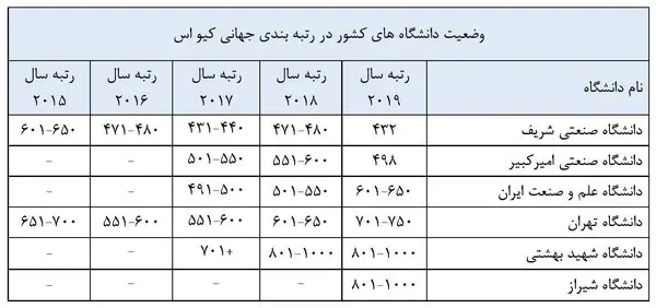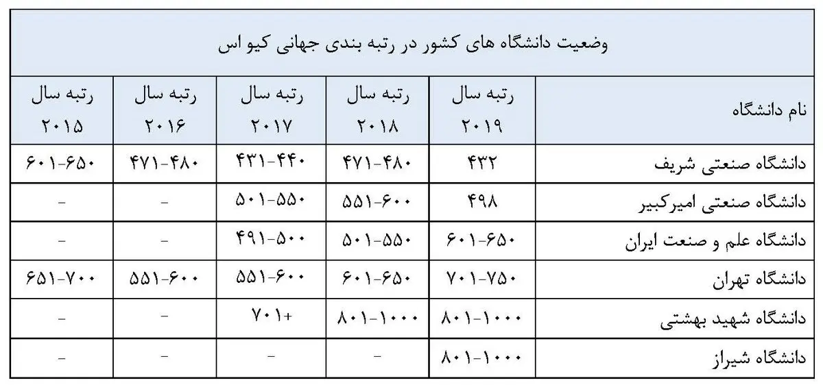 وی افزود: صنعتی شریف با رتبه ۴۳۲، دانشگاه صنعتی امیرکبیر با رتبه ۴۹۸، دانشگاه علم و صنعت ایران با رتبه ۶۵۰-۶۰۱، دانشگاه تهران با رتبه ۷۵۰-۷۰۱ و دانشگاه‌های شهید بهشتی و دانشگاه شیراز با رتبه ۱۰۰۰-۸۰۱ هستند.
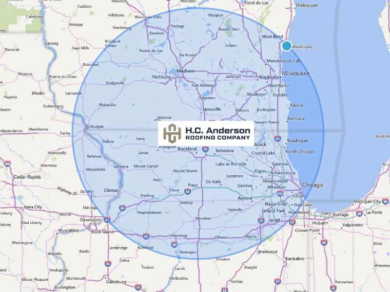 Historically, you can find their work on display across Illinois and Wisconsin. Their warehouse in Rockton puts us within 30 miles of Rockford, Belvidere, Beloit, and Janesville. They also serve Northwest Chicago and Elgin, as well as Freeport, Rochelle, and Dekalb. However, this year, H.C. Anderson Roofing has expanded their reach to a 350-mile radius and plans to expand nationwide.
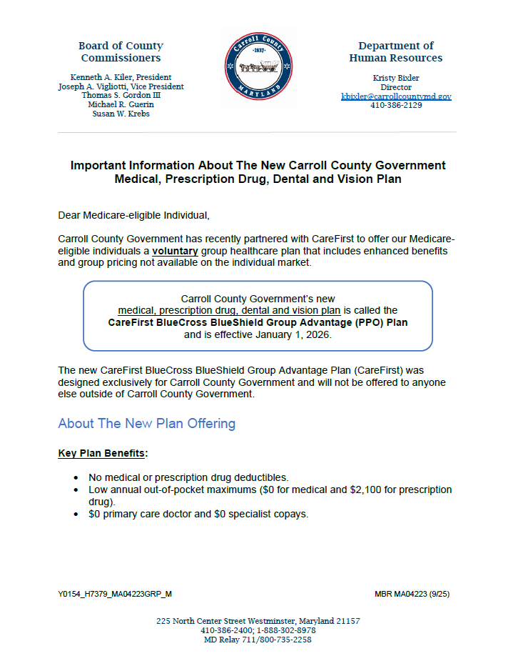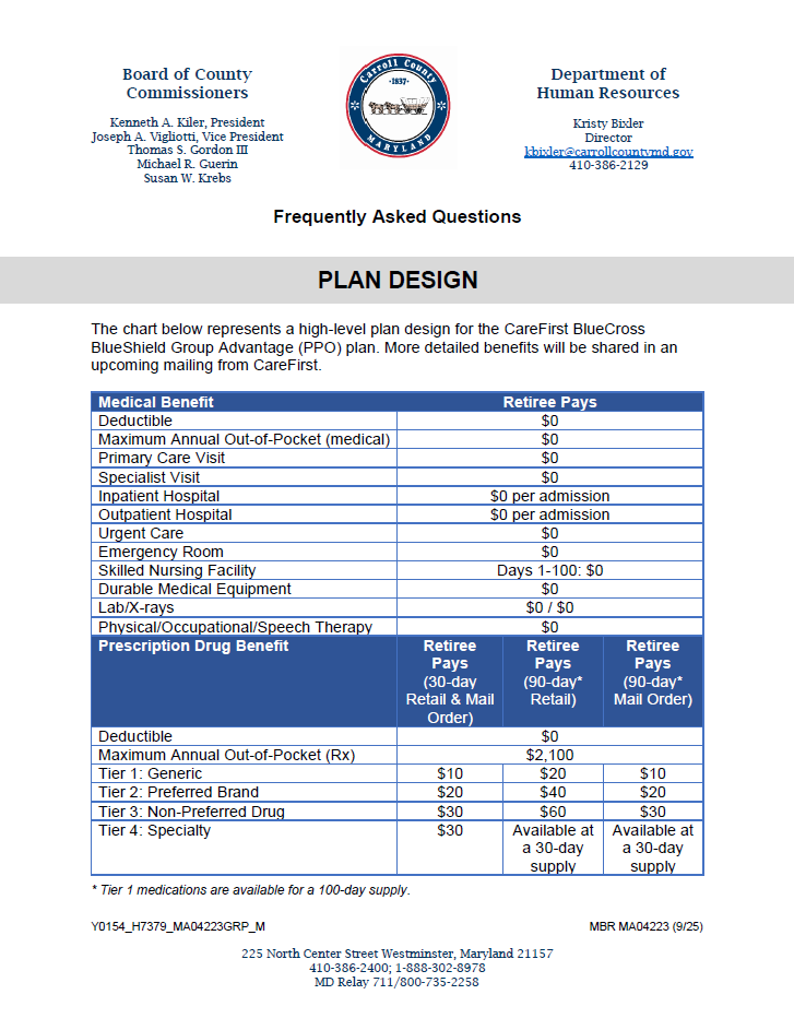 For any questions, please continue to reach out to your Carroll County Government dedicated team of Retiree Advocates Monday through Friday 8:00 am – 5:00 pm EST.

---

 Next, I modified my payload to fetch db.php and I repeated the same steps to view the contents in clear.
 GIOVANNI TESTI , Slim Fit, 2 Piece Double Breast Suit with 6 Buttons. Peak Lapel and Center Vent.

What is being asked: Which part of the entries opens with the line containing "Historically, you can" and closes with the line containing "For any questions, please"? Output that part exactly, ends included, pictures excluded.

Task response:
 Historically, you can find their work on display across Illinois and Wisconsin. Their warehouse in Rockton puts us within 30 miles of Rockford, Belvidere, Beloit, and Janesville. They also serve Northwest Chicago and Elgin, as well as Freeport, Rochelle, and Dekalb. However, this year, H.C. Anderson Roofing has expanded their reach to a 350-mile radius and plans to expand nationwide.
 For any questions, please continue to reach out to your Carroll County Government dedicated team of Retiree Advocates Monday through Friday 8:00 am – 5:00 pm EST.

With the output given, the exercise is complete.